Incomplete Designs
Many legal rules are designed to address the imperfections of real-world institutions. Rules of justiciability and deference, statutes setting administrative deadlines, multinational treaties that protect foreign nationals—all are designed, at least to a degree, to minimize and correct the limitations of courts, agencies, and self-interested states at making the decisions the law requires of them.
But these and countless other efforts at institutional design are subject to a subtle yet pervasive problem. Rules intended to reallocate or restructure institutional authority typically cannot be made without further decisions of their own—to fill in details, to develop supporting structures, or to apply rules in individual cases. There is no assurance that an institution will be capable of making those decisions any more competently than it makes those decisions that the design is intended to improve. And the risk—indeed, the inevitability— that institutions will often make such decisions poorly has in practice undermined or negated the effectiveness of many proposed institutional reforms.

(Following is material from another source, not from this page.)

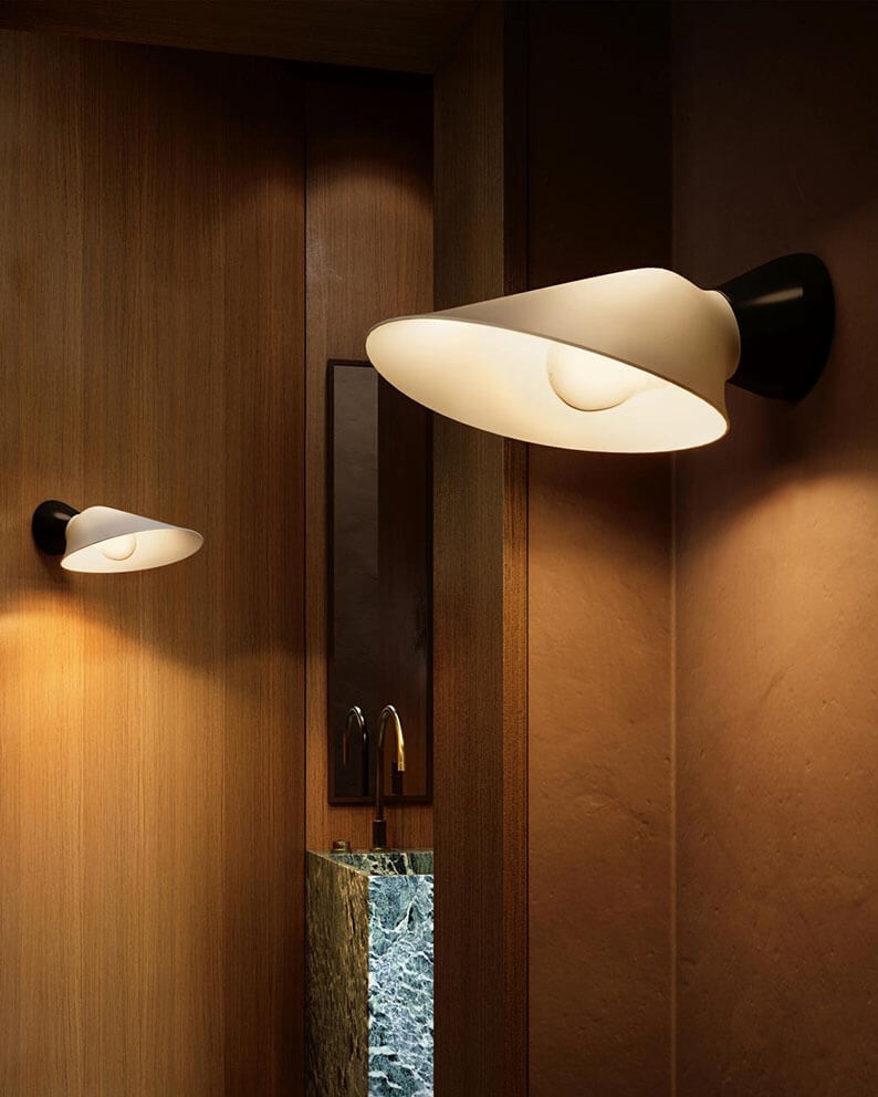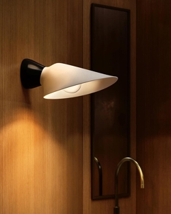 Plume Bath Wandleuchte hat ein zartes Design mit weichen Linien. Der Lampenschirm lenkt das Licht nach unten und erhellt gleichzeitig den Raum.

This Article explores this critical but underrecognized characteristic of institutional design, which it calls “incompleteness.” It details a number of real-world and academic designs in which incompleteness has generated significant or fatal problems that might have been avoided if this feature had been identified at the outset. It describes the unique problems presented by delegating institutional decisions to downstream actors, from circularity to imperfect veils of ignorance to entrenchment to system effects. And it develops the rudiments of a toolkit that might be used to engage in more complete and effective institutional design in the future.